== Data extract
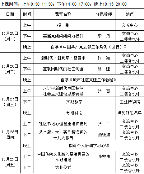 2019年全省城乡社区党组织书记第二十期(总第88期)培训班课程安排
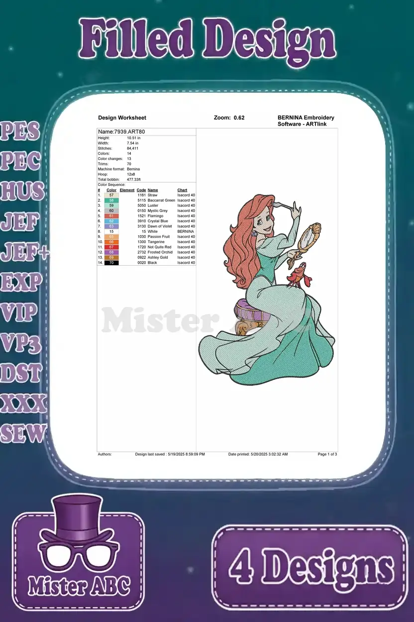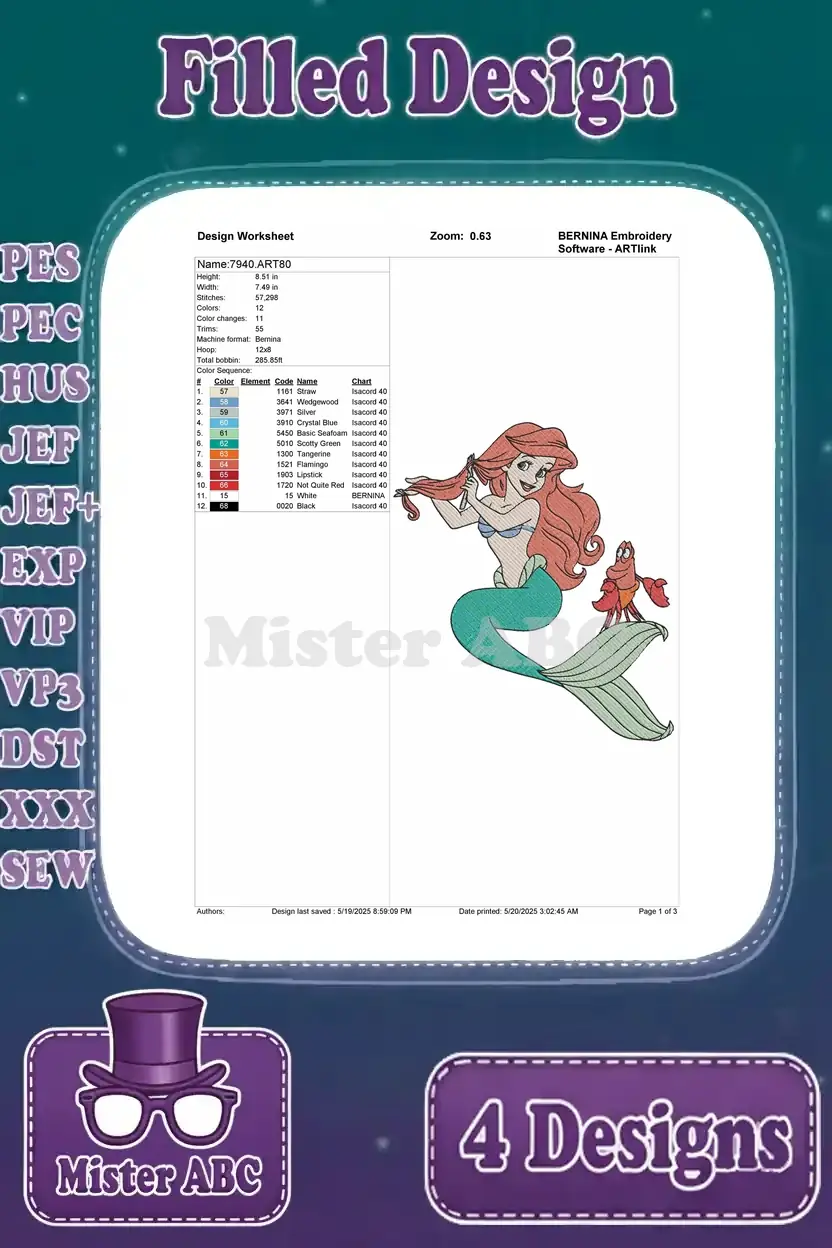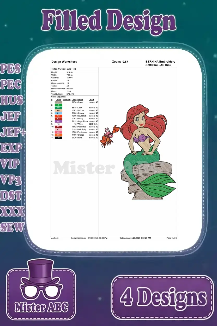 Disney Little Mermaid Ariel With Sebastian Crab On Rock Green Dress Mermaid Form Bundle – Filled Embroidery Design
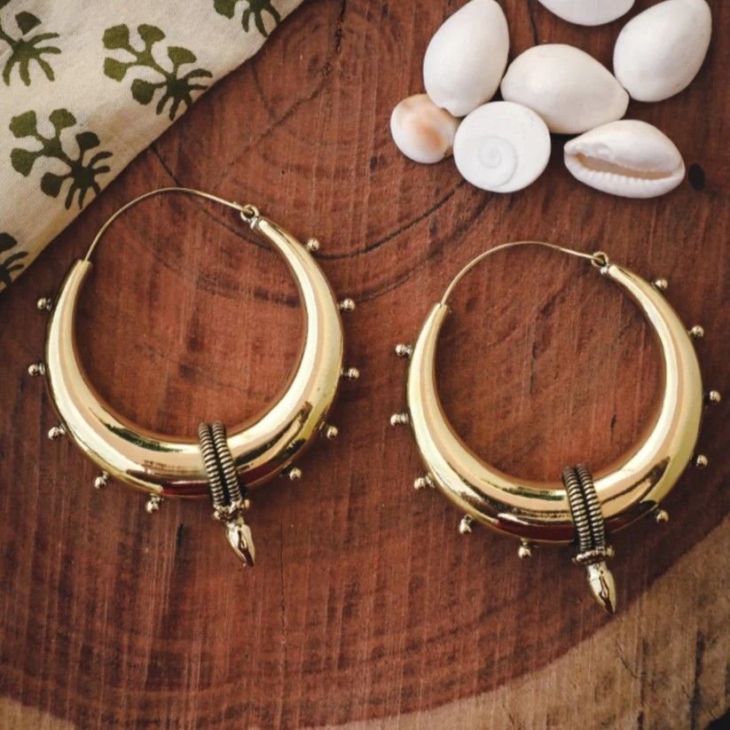 Bold Design: These earrings feature a chunky crescent shape with tribal-inspired detailing, making a bold statement.
====
(What the exercise asks)
Leaving out the images, repeat the listing above exactly.

(Task response)
 2019年全省城乡社区党组织书记第二十期(总第88期)培训班课程安排
 Disney Little Mermaid Ariel With Sebastian Crab On Rock Green Dress Mermaid Form Bundle – Filled Embroidery Design
 Bold Design: These earrings feature a chunky crescent shape with tribal-inspired detailing, making a bold statement.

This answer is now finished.